Like mother like daughter; Felix’s mother, Marlean, is an elementary school teacher.
4. She Loves Gymnastics, Basketball, and Baking
Felix’s brother Wes told ESPN that she “talks about basketball being her first love,” however, that’s not the case. It’s not what you think–it’s not running either. “But really, it was gymnastics,” he wrote. As a child, she desperately wanted a balance beam so she could practice, “at the time, she’s just in a tumble class for like 30 minutes on a Thursday,” Wes wrote.
She was 8 years old at the time, and understandably, didn’t have a budget for a balance beam, according to ESPN.
Worse than that, she was almost her full height in third, fourth grade–too tall to be a gymnast. She didn’t know the real gymnastics world, but she did know Dominique Dawes. She was just obsessed with Dominique and looked up to her so much.
She’s still a big fan of gymnastics and Dominique. “In 2010, when she was asked to join President Obama’s Council on Fitness, Sports, & Nutrition, she called me. She was like, ‘Dominique Dawes is on the Council! This is going to be so great!’ her brother wrote.
5. She’s Broken Records and Wants to Break More
Felix won her first Olympic medal in the women’s 200m at the 2004 Olympic Games in Athens and secured the world junior record at 22.18, according to USA Track & Field. In 2005, the runner went undefeated in the 200m, winning the world title and recorded the three fastest times in the world, says USATF.org.

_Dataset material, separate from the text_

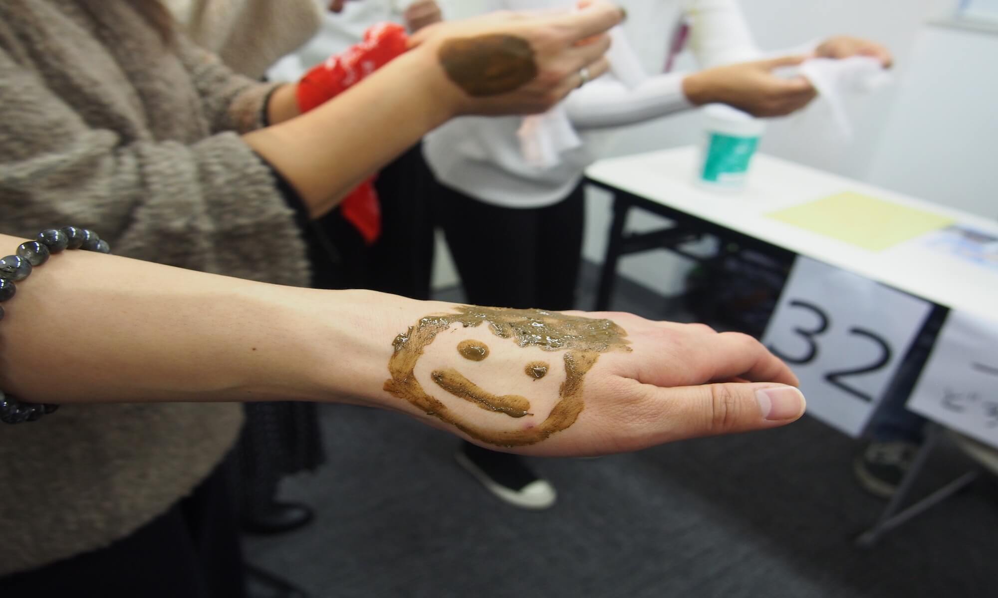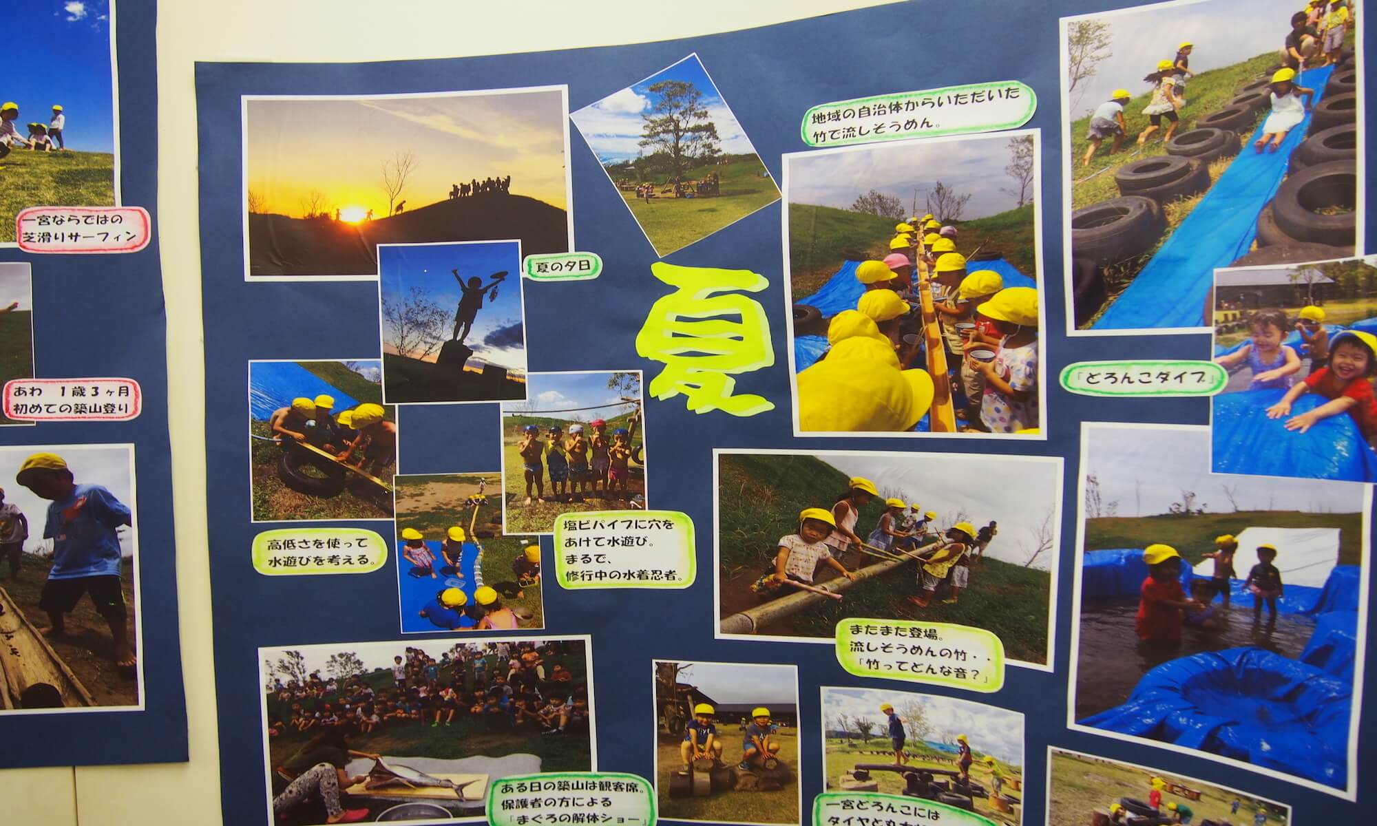 どろんこ会グループで一番広い園庭を持つ一宮どろんこ保育園。保育園のシンボルでもある高さ3mと5mの2つの築山で遊ぶ子どもの様子を、躍動的な写真をたくさん使って紹介しました。「子どもの決定的瞬間を狙っています!」と話す職員の撮った写真は、どれも子どもの様子をいきいきと伝えています。また、どろんこ祭りで使っている泥も持ち込み、実際に手につけて感触を味わえる展示も好評でした。

They also report that Felix became the second woman in history to win three gold medals at one World Championships (200m, 4x100m and 4x400m) in 2007, and there’s more:
In 2012 Felix won her long-awaited individual Olympic gold medal in the 200m, and became the first athlete since Florence Griffith-Joyner in 1988 to win three gold medals in a single Olympic Games. She made history at the 2009 IAAF World Outdoor Championships by becoming the first woman ever to win three world 200-meter titles.

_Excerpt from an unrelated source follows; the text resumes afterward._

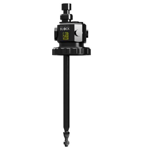 Spray lance DN 25 (d32) made of PE electrically conductive, adjustable, with tank cleaning nozzle made of PVDF-el - using the example of an application with the MULTIFLEX block, the block is not included in the price - for full-surface rinsing of the tank interior walls through 360° spray coverage by rotating spray head with three flat spray nozzles Drive is provided by the cleaning medium - Flow range: 15.9 to 26 l/min - Recommended pressure range: 2 to 4 bar - Spray pipe d32x3 mm - Spray tube material: PE-el electrically conductive, black - Total length: 800 mm - Spray connection with threaded socket G1" internal thread - Vertical threaded connection - Compression fitting made of PE-EL, d32/G2" inch external thread, can be screwed in at the top on the Multi Flex Block® example - Tank cleaning nozzle material: PVDF-el, electrically conductive, black - Tank cleaning nozzle can be removed - O-rings EPDM - Vertical installation position - Electrical potential is discharged, suitable for Ex zones 1 and 2 |

According to TeamUSA.org, no woman in history has won as many world outdoor championship gold medals as her nine, and “no track and field athlete in the last three Olympics has won more medals than her six–four golds, two silvers.”
In the 2016 summer Olympics in Rio, Felix hopes to compete doubly—in the 200 and 400—and become the third woman to win gold in both at an Olympics, according to The Washington Post.
Felix just qualified for the 400m race at the Olympic Trials in Oregon in 49.68 seconds, clocking the fastest time in the world.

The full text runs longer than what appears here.